CBGA-FM
- Matane, Quebec; Canada;
- Broadcast area: Gaspésie–Îles-de-la-Madeleine
- Frequency: 102.1 MHz

Programming
- Format: News/Talk
- Network: Ici Radio-Canada Première

Ownership
- Owner: Canadian Broadcasting Corporation

History
- First air date: September 1, 1948
- Former call signs: CKBL (1948–1972)
- Former frequencies: 1250 kHz (1948–2004)
- Call sign meaning: Canadian Broadcasting Corporation Gaspésie–Îles-de-la-Madeleine

Technical information
- Class: C1
- ERP: 42.93 kW horizontal polarization only
- HAAT: 199.8 metres (656 ft)
- Transmitter coordinates: 48°49′51.96″N 67°22′5.16″W﻿ / ﻿48.8311000°N 67.3681000°W

Links
- Website: Ici Radio-Canada Première

= CBGA-FM =

Ici Radio-Canada Première station in Quebec

CBGA-FM is a French-language Canadian radio station located in Matane, Quebec.

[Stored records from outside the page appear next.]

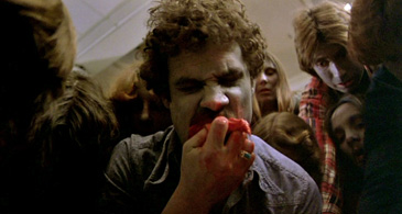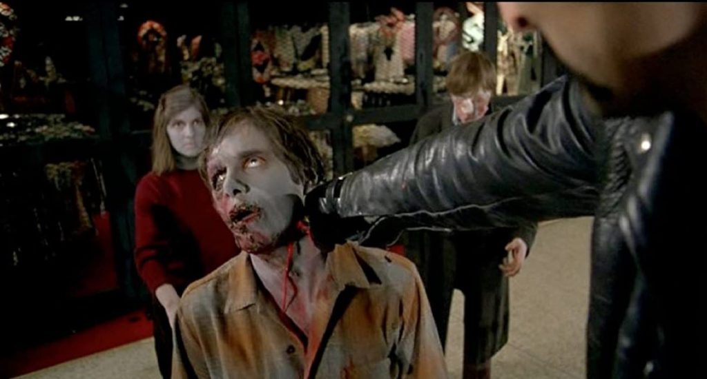 The big hit Dawn has a similar set up to Night in that it mainly portrays a siege. Things have gotten much worse, though, with the zombie strength in urban centers now nearing tipping point. This is ably demonstrated during a police raid on a low-income housing project, a botched operation that gleefully spews up exploding heads, the gnawing of dismembered limbs, racism, rampant brutality and suicide. Our four heroes flee the growing chaos via a stolen helicopter and hole up in a shopping mall.
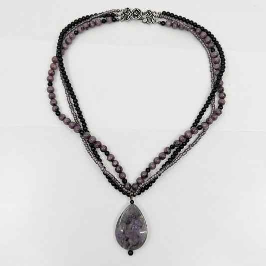 Sterling silver amethyst & onyx bead necklace - GM882
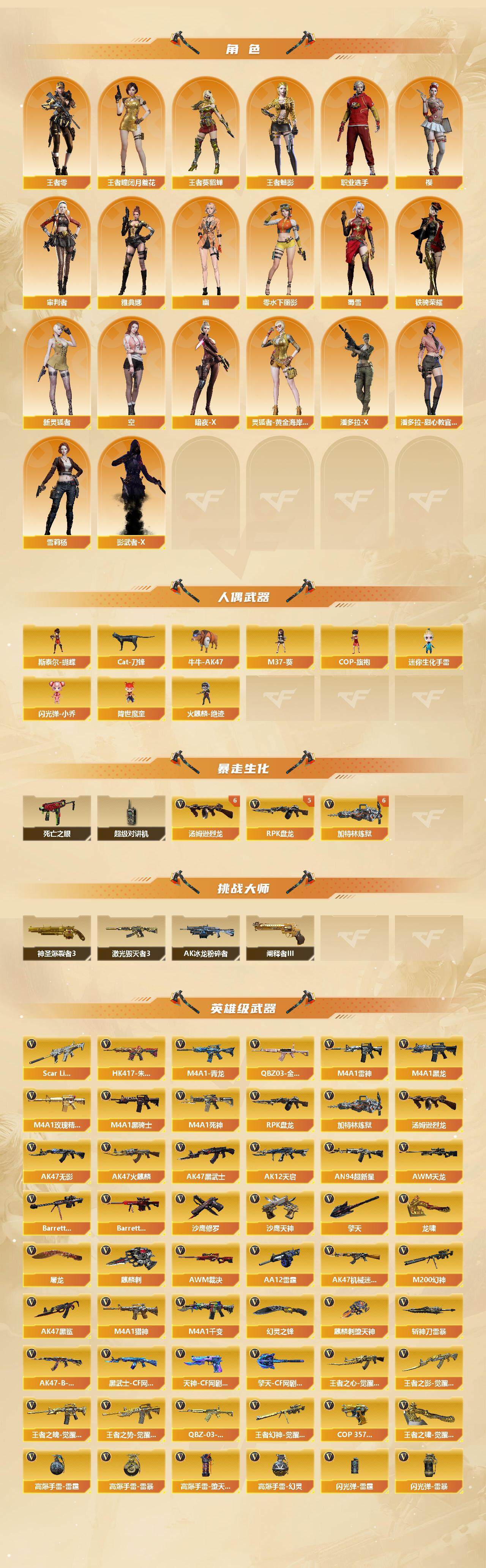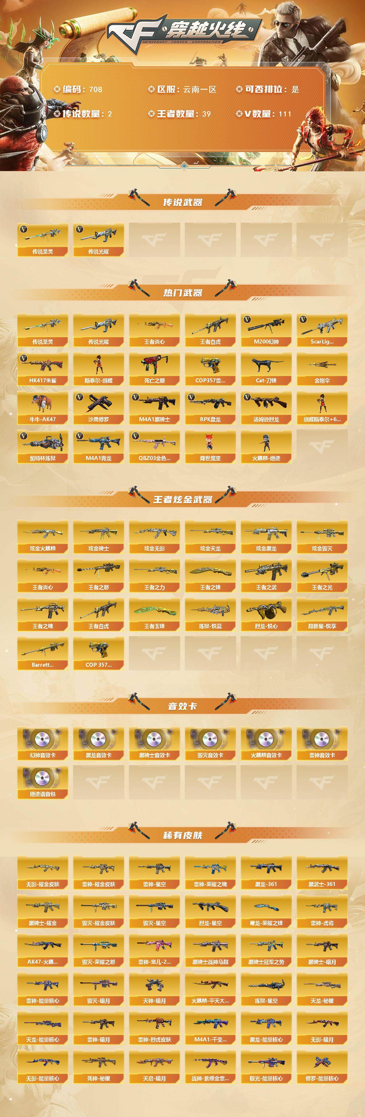 [14276852]云南一区-111v-39王者-7炫金 【传说武器】:传说光耀,传说圣灵 【热门武器】:传说光耀,传说圣灵,王者白虎,q03-金色蔷薇3,scar light-白虎,hk417-朱雀,m4a1-青龙,m200-幻神,死亡之眼4,王者炎心,cat-刀锋,牛牛-ak47,m4a1-黑骑士3,汤姆逊-烈龙7,rpk-盘龙5,加特林-炼狱6,斯泰尔-蝴蝶,降世魔童,火麒麟-绝迹,cop 357-雷霆王者,沙鹰-修罗4,金刚伞 【王者炫金武器】:王者炎心,超新星-悦享,王者之武3,王者之魄,王者白虎,王者之光2,王者之怒,王者之力2,barrett-雷霆王者,炼狱-悦蓝4,烈龙-悦心2,cop 357-雷霆王者,王者之锋2,王者玉锋,炫金火麒麟,炫金骑士,炫金无影,炫金黑龙,炫金毁灭2,炫金天龙 【音效卡】:m200-幻神音效卡,ak47-火麒麟音效卡,m4a1-雷神音效卡,m4a1-黑龙音效卡,m4a1-黑骑士音效卡,barrett-毁灭音效卡,绝迹语音包 【皮肤】:烈龙-星空,雷神-暗月,雷神-能量核心,雷神-荣耀之魄,雷神-星空,雷神-虎将,雷神-耀金皮肤,雷神-宠儿-2019mvp,雷神-烈虎皮肤,ak47-火麒麟-传奇even,火麒麟-平天大圣,毁灭-暗月3,毁灭-荣耀之怒,毁灭耀金皮肤,毁灭-星空,m4a1-千变-孔明皮肤,黑龙-能量核心2,m4a1-黑龙-361,黑骑士-暗月2,黑骑士耀金皮肤,黑骑士-冠军之势,黑骑士-战神马超,无影-暗月3,无影-能量核心4,无影耀金皮肤,死神-秘银3,ak47-黑武士-361,天启-暗月7,战神-紫绶金章皮肤,天龙-秘银,天龙-能量核心,极光-能量核心2,炼狱-星空,修罗-能量核心5,天神-暗月6,屠龙-荣耀之锋3 【角色】:樱,审判者,王者-瞳-闭月羞花,王者-葵-貂蝉,王者-零,王者-魅影,空,暗夜-x,零-水下丽影,灵狐者-黄金海岸,潘多拉-x,潘多拉-甜心教官,蜀雪,铁骑荣耀,新灵狐者,雪莉杨,影武者-x,幽,职业选手,雅典娜 【人偶武器】:火麒麟-绝迹,斯泰尔-蝴蝶,m37-葵,cop-旗袍,cat-刀锋,牛牛-ak47,迷你生化手蕾2,闪光丹-小乔,降世魔童 【暴走生化】:死亡之眼4,超级对讲机 【挑战大师】:神圣爆裂者iii,ak47-冰龙粉碎者,激光毁
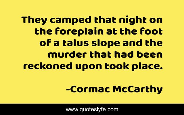 This page presents the quote "They camped that night on the foreplain at the foot of a talus slope and the murder that had been reckoned upon took place.". Author of this quote is Cormac McCarthy. This quote is about murder, foreplain,.
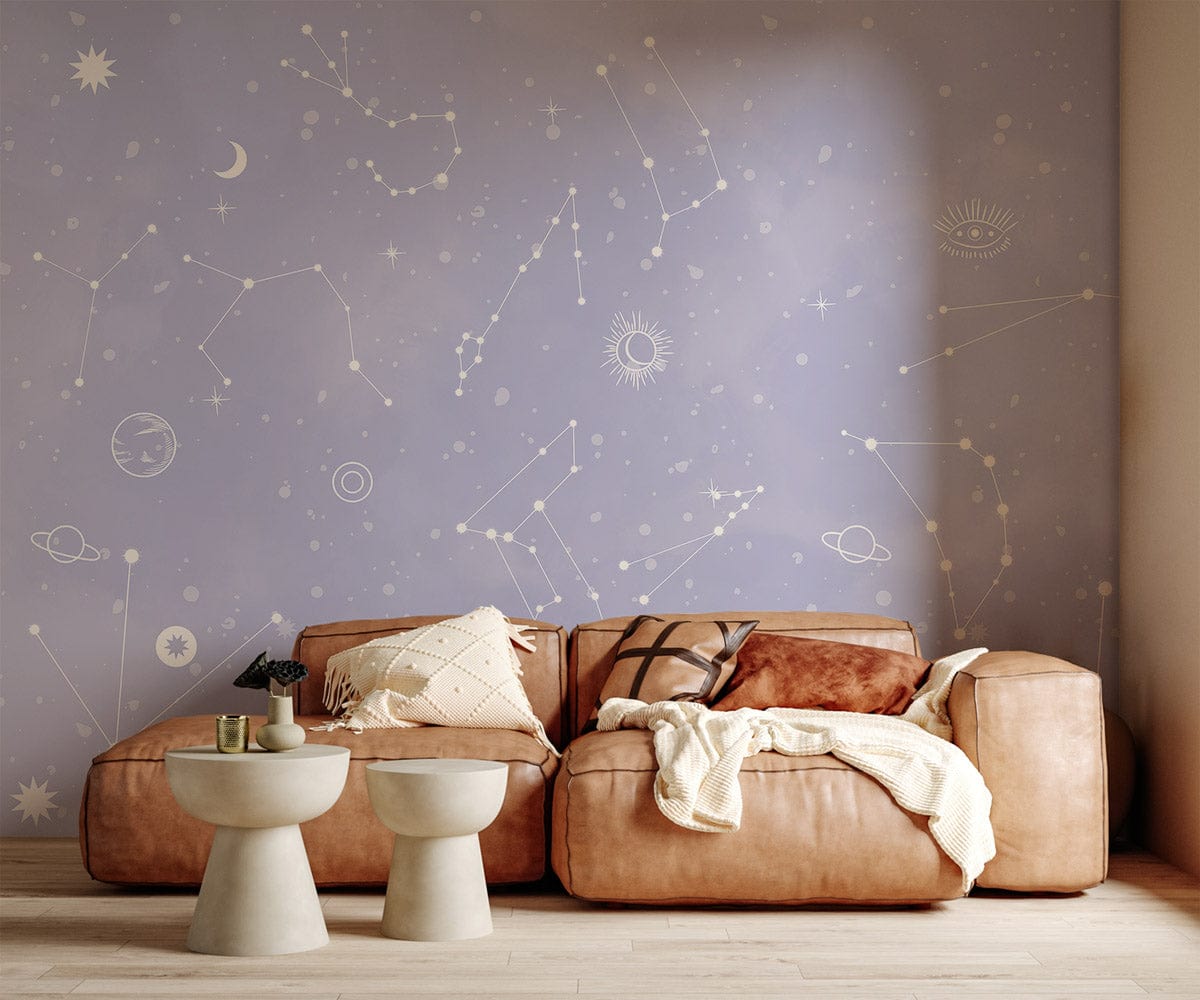 The Purple Stars Wallpaper Mural captures the marvellous essence of a starlit night with its delicate constellation patterns against a serene lilac sky. Fine lines detail each star cluster, while soft celestial accents add depth to the design, creating a visually soothing escape. Ideal for any home, this sophisticated mural adds a touch of stellar elegance to your walls.
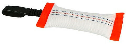 tartós, majdhogynem elpusztíthatatlan, tűzoltótömlő anyagból különösen harapásálló a belső gumiborítás úszik a vizen a neon narancssárga hímzésnek köszönhetően könnyebben megtalálható csuklópánt fényvisszaverő csíkokkal hossz: 30cm
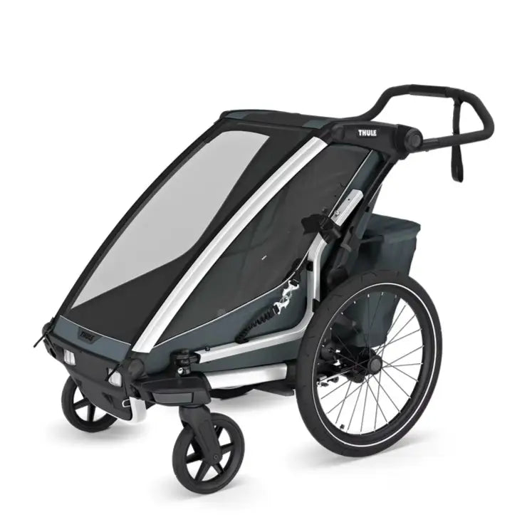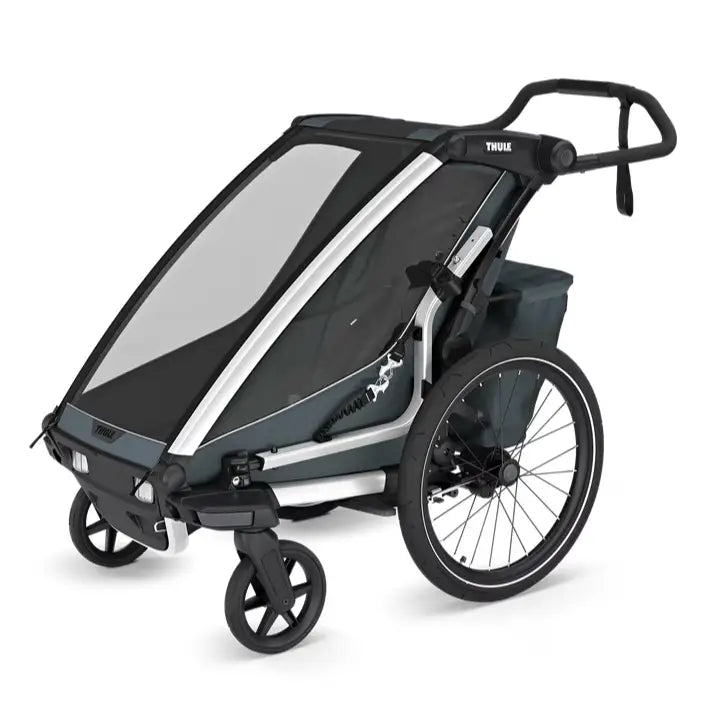 Thule Chariot Cross 2 can easily be turned into a great training companion with a Jogging Kit or a Ski Kit (sold separately). Transitions between activities are smoother and more comfortable than ever for both parent and child.
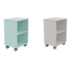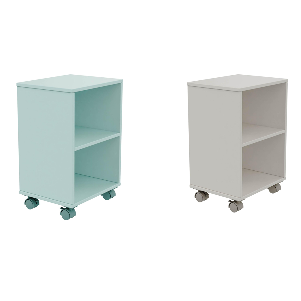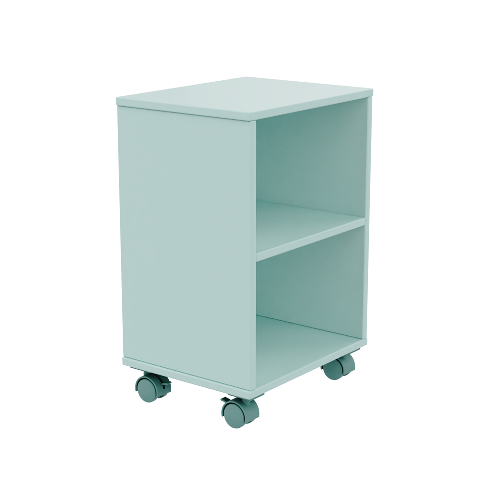 This compact rolling storage cabinet features an open-front design with two shelves and lockable caster wheels. Made from safe, durable MDF with non-toxic finishes (mint green & light gray), it’s ideal for organizing toys, books, or office supplies. A mobile, stylish solution for any room, compliant with EN 71/ASTM safety standards.

Owned and operated by Société Radio-Canada, it broadcasts on 102.1 MHz with an effective radiated power of 42,930 watts (class C1) using an omnidirectional antenna.

The station has a non-commercial news/talk format and is part of the Ici Radio-Canada Première network, which operates across Canada. Like all other Première stations, but unlike most FM stations, CBGA-FM broadcasts in mono.

Previously known as CBGA when the station was on 1250 kHz, the station moved to 102.1 FM in 2004. The station was founded in 1948 as CKBL and changed its call sign when it was bought by Radio-Canada in 1972.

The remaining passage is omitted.